• **Your objective**:
Give back exactly the lines of the material below that start at the line containing "A chrome car" and end at the line containing "SCULPTURE DE NAPOLEON", and no others.

• **Input data**:
····················

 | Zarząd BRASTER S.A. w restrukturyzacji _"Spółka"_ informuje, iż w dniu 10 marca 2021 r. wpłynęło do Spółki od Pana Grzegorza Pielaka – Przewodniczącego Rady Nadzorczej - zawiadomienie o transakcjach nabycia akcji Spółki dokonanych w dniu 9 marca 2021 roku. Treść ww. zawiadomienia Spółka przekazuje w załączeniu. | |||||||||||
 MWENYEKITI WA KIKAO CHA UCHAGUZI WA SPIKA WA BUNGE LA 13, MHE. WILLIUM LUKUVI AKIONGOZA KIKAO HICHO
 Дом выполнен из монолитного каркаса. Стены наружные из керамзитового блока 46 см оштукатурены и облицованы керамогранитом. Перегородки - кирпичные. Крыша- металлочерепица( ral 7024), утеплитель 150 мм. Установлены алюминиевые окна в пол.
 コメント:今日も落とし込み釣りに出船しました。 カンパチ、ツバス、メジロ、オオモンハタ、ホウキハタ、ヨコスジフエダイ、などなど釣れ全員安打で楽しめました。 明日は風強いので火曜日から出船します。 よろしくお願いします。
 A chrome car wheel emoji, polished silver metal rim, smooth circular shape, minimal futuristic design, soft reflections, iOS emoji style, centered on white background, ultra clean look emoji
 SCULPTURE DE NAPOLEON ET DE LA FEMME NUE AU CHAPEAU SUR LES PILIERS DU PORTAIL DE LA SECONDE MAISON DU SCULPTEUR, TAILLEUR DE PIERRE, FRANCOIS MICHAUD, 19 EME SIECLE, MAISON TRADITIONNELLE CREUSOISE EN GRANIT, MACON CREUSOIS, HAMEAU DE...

····················

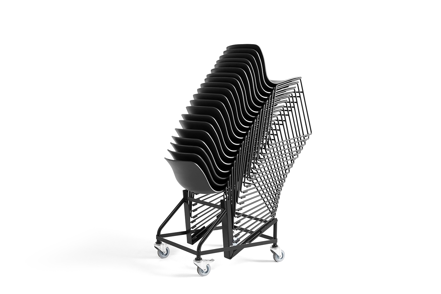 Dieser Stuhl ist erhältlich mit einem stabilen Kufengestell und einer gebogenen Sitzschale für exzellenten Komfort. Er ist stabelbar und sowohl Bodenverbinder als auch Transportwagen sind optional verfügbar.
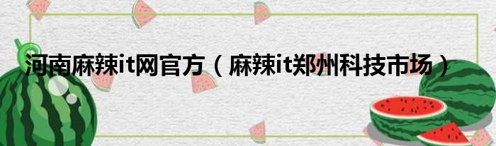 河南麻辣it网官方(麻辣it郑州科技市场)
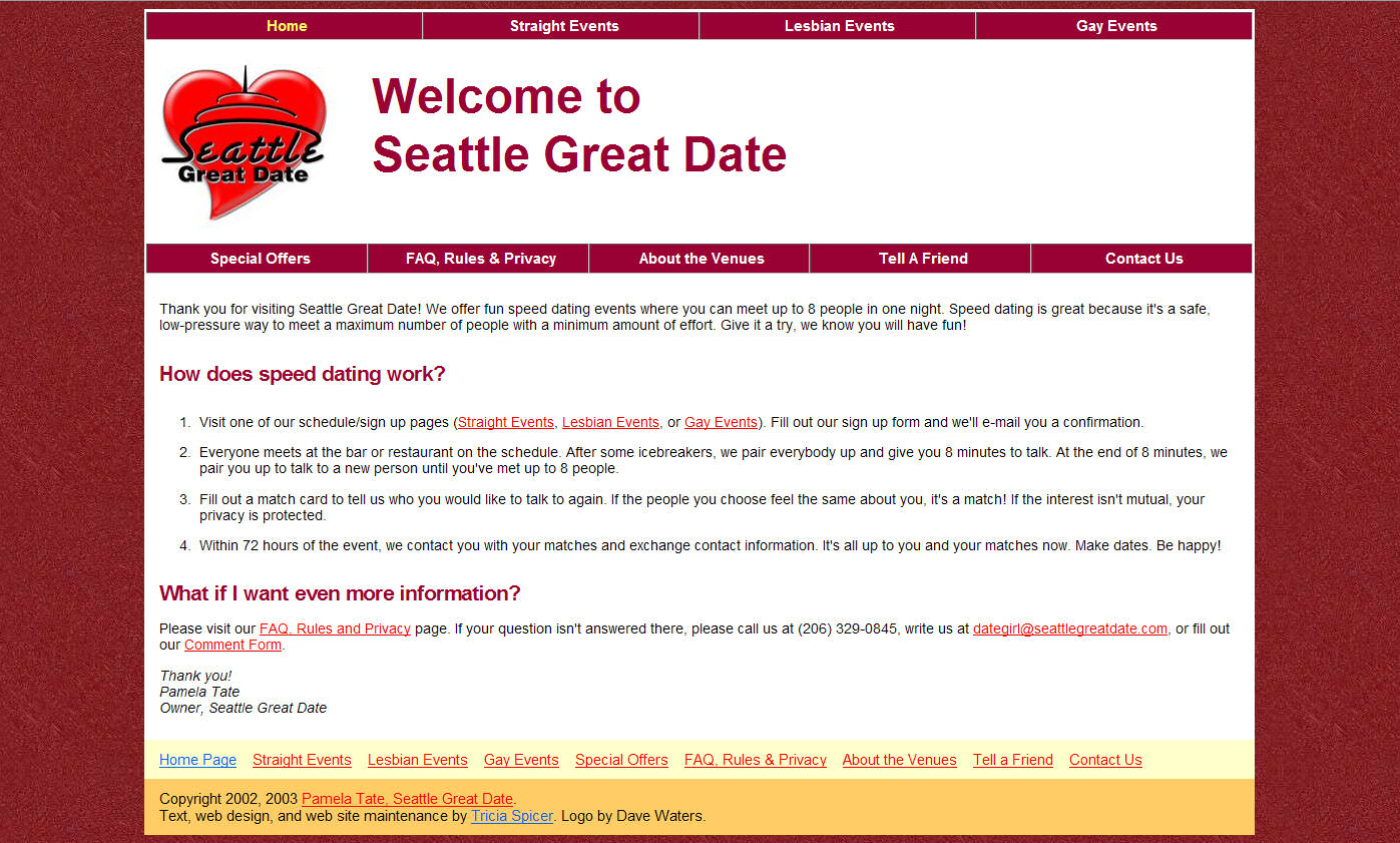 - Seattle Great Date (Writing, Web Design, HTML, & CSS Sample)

····················

• **Result of this exercise**:
 A chrome car wheel emoji, polished silver metal rim, smooth circular shape, minimal futuristic design, soft reflections, iOS emoji style, centered on white background, ultra clean look emoji
 SCULPTURE DE NAPOLEON ET DE LA FEMME NUE AU CHAPEAU SUR LES PILIERS DU PORTAIL DE LA SECONDE MAISON DU SCULPTEUR, TAILLEUR DE PIERRE, FRANCOIS MICHAUD, 19 EME SIECLE, MAISON TRADITIONNELLE CREUSOISE EN GRANIT, MACON CREUSOIS, HAMEAU DE...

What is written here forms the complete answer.